§ Material provided

■ ■ ■

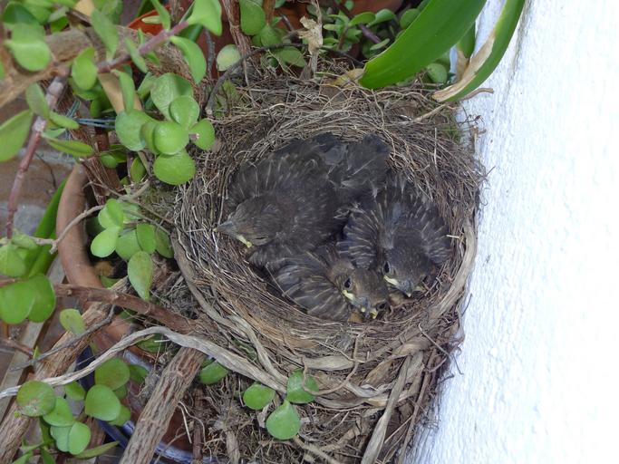 Keywords: bird's nest blackbirds young birds chicks bird black nest
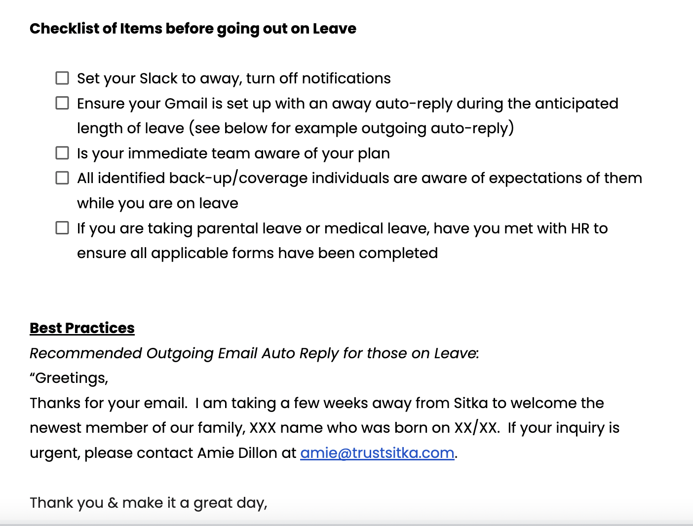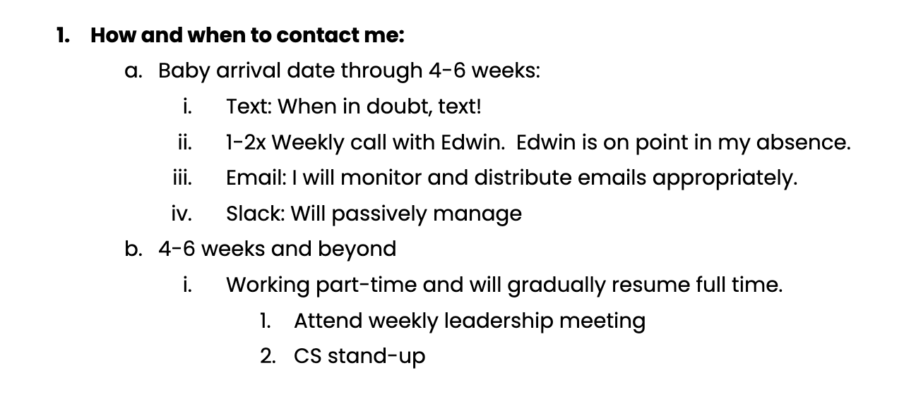 I knew I’d need to go a bit deeper to ensure I was set up for a smooth transition. There’s nothing like having a baby to put pressure on developing a specific timeline for execution and knowledge-sharing across an organization. I co-created a plan that covered how to contact me in the first four-to-six weeks after giving birth, then had a plan for six weeks and beyond.
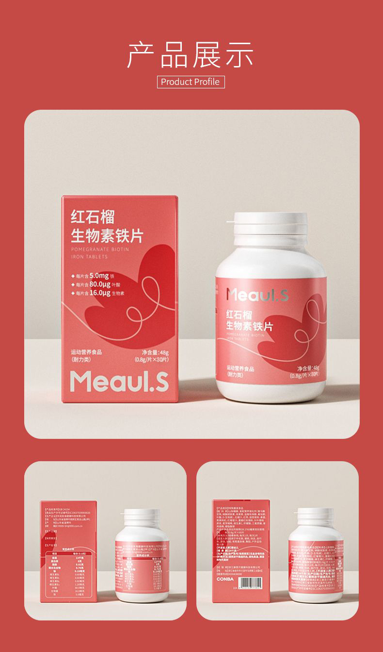 康恩贝·红石榴生物素铁片 1片5mg铁 80ug 叶酸 16ug生物素 好吸收 无锈味 不伤胃 孕妇儿童都可吃 30片/瓶
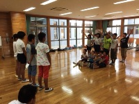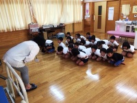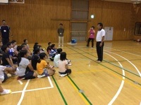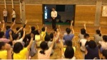 集団宿泊教室2日目は雨天のため、体育館での朝の集いから始まりました。

■ ■ ■

§ Exercise goal
Wherever the listing shows a picture, omit it and output the rest exactly as given.

§ Expected answer
 Keywords: bird's nest blackbirds young birds chicks bird black nest
 I knew I’d need to go a bit deeper to ensure I was set up for a smooth transition. There’s nothing like having a baby to put pressure on developing a specific timeline for execution and knowledge-sharing across an organization. I co-created a plan that covered how to contact me in the first four-to-six weeks after giving birth, then had a plan for six weeks and beyond.
 康恩贝·红石榴生物素铁片 1片5mg铁 80ug 叶酸 16ug生物素 好吸收 无锈味 不伤胃 孕妇儿童都可吃 30片/瓶
 集団宿泊教室2日目は雨天のため、体育館での朝の集いから始まりました。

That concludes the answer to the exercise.